1. Rake must allow seamless, flawless integration and intelligence of Java's idiosyncracies, from classpath/classloader management to compilation quirks. As Ant is able to do, Rake must at a minimum handle the basic Java build operations seamlessly.
2. Existing tools, Ant tasks, and frameworks frequently used in builds must either be wrapped as appropriate or there must be a simple, elegant way to make those tools, tasks, and frameworks accessible from within Rakefiles. I do not believe there should be any concerted effort to reimplement or wrap existing code, if there is a way to make that code accessible without excessive overhead.
3. Finally, Rake must represent a reasonable migration path for existing Ant-based builds from a configuration management perspective. Specifically, as much as possible current Ant use cases should have identical or very similar analogs in the Rake world. Rake and Rakefiles currently look and feel (from the outside) very similar to Make and Makefiles for this exact reason. Similar care must be taken on the Ant side.

I believe this is all possible, and very likely possible in the near future. JRuby has been improving by leaps and bounds over the past year, and the market is ripe for an alternative to Ant. Even more than Rails, the ability to build Java applications using Rake is very exciting to me...if only as a way to escape my 5000-line build script hell.

Now if only I had another 8 hours every day to spend exclusively working on this stuff.

Tuesday, February 21, 2006

Making Progress on Rails

I've been making good progress on my end of the Rails-on-JRuby work. I have been focusing on getting the "generate" script working, and as a result fixing multiple bugs and minor issues as they come up. Here's an update.

The most recent issue, now apparently mostly fixed, involved evaluating a Ruby script from within a block. The JRuby parser was not wired to understand parsing from within scopes other than the top-level Object, and so it declared and defined certain variables incorrectly. I modified the parser to allow specifying that it will run from within a block, and the issues have been remedied.

With this fix, here's a rough description of the progress of the generate script:
  • Execution proceeds into the initializer (vendor/rails/railties/lib/initializer.rb). In the scenario I'm executing (generate script with no parameters) the process method is eventually invoked.
  • The load path is set (Initializer#set_load_path) without any issues
  • Connection adapters are set (Initializer#set_connection_adapters)
  • All frameworks are required in (Initializer#require_frameworks). This was where most of the failures and fixes came into play, but it now executes successfully.
  • The current environment is loaded (Initializer#load_environment). I'm using the default environment right now.
  • Initialization of the database begins to run, but appears to get stuck in some infinite loop during YAML parsing of the default database.yml file. I have not investigated this issue yet, and disabled database initialization to continue some testing.
  • The logger initializes without any issues (Initializer#initialize_logger)
  • The framework logging and views are initialized (Initializer#initializer_framework_logger and initialize_framework_view)

At this point, the next step is initializing routing (presumably request routing; I'm not any sort of Rails expert yet). This fails with what appears to be some scoping issues, and I have not gotten further at the moment.

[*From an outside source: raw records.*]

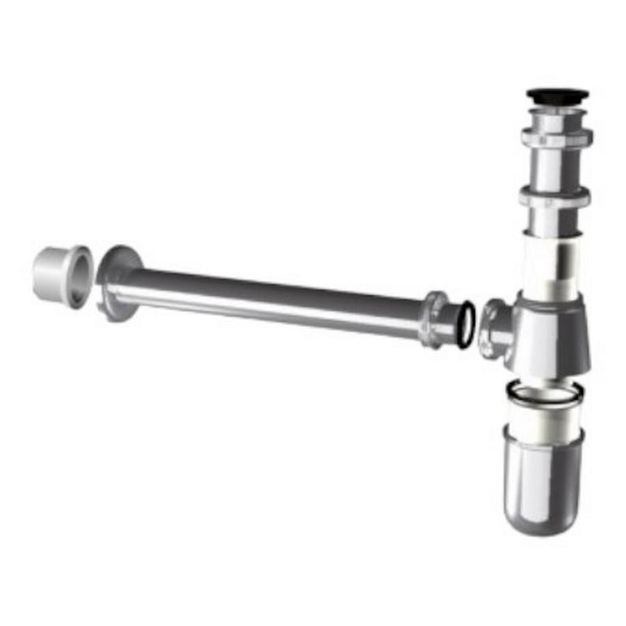 Sifón metálico cromado diseñado para lavatorios, equipado con un vaso de registro que facilita su limpieza y mantenimiento.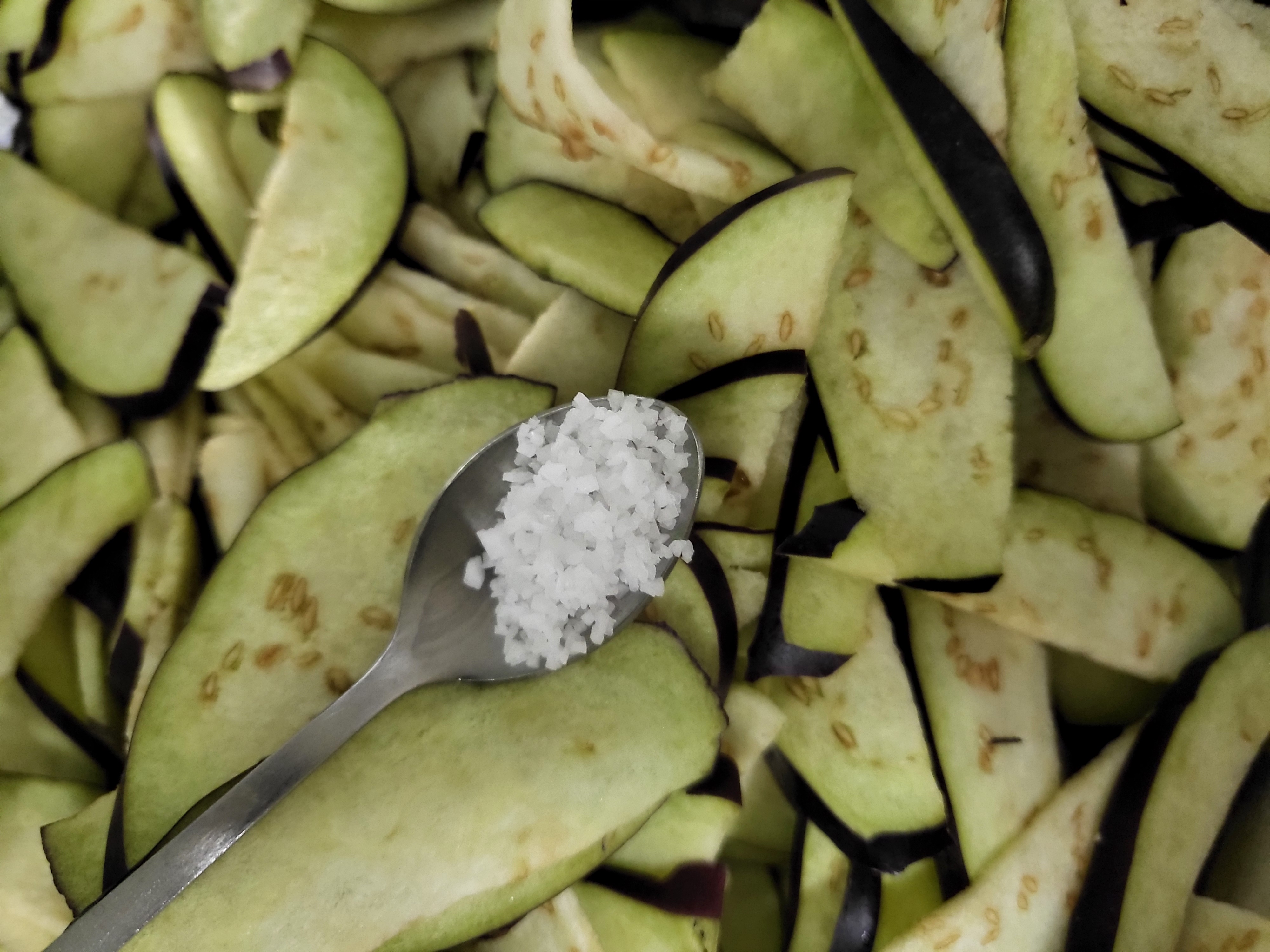 썬 가지에 소금을 뿌려 살짝 절인 후, 삼베찜보로 비틀어 수분을 꼭 짜냅니다.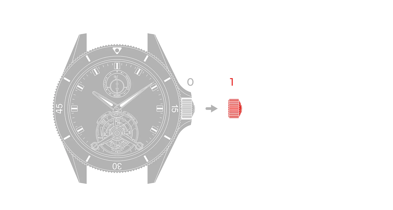 NB: When adjusting the hands of your watch counterclockwise, the tourbillon cage may stop or “jump” due to its gearing. This is a completely normal and it does not affect the proper functioning of your watch or the tourbillon movement.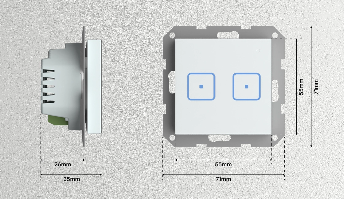 Размеры устройстваНаши стеклянные устройства устанавливаются в специальные стеклянные рамки с монтажным отверстием 55x55 мм. Эти точные размеры позволяют устройствам идеально вписываться в стандартные монтажные коробки, обеспечивая эстетичный внешний вид и идеальную посадку. Размеры детали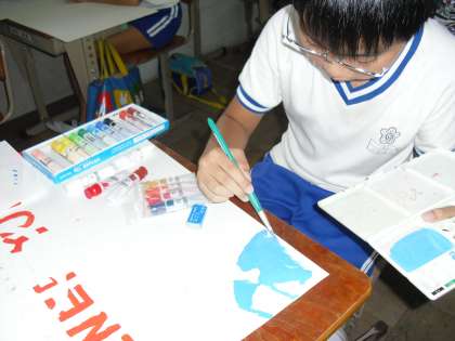 お話の絵を描いています。下絵用の紙を持ち帰り,家でも続きを考えたり,描いてきたりしていました。今日から着色し始めた人もいます。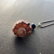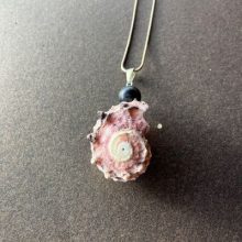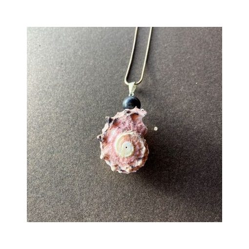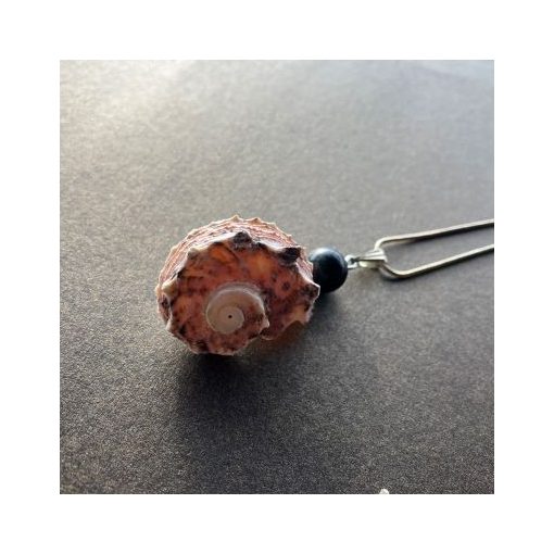 Valódi tengeri csiga medál, fekete ónix gyönggyel, ezüst színű láncon

Tom Enebo, the other main JRuby developer, is also making progress on actually running Rails in the simplest of deployment scenarios. He's currently beefing up our Socket implementation so that WeBRICK will run correctly. The current sticking point is our less-than-great support for Ruby's IO; namely, we do not support select correctly (or perhaps at all).

I think we've made great progress on both fronts, despite ongoing issues. It's very heartening that for the generate script all the libraries are required successfully and several subsystems initialize without any problems. There's still quite a bit of work to be done, but we're definitely getting there. I'll post more updates as they come in!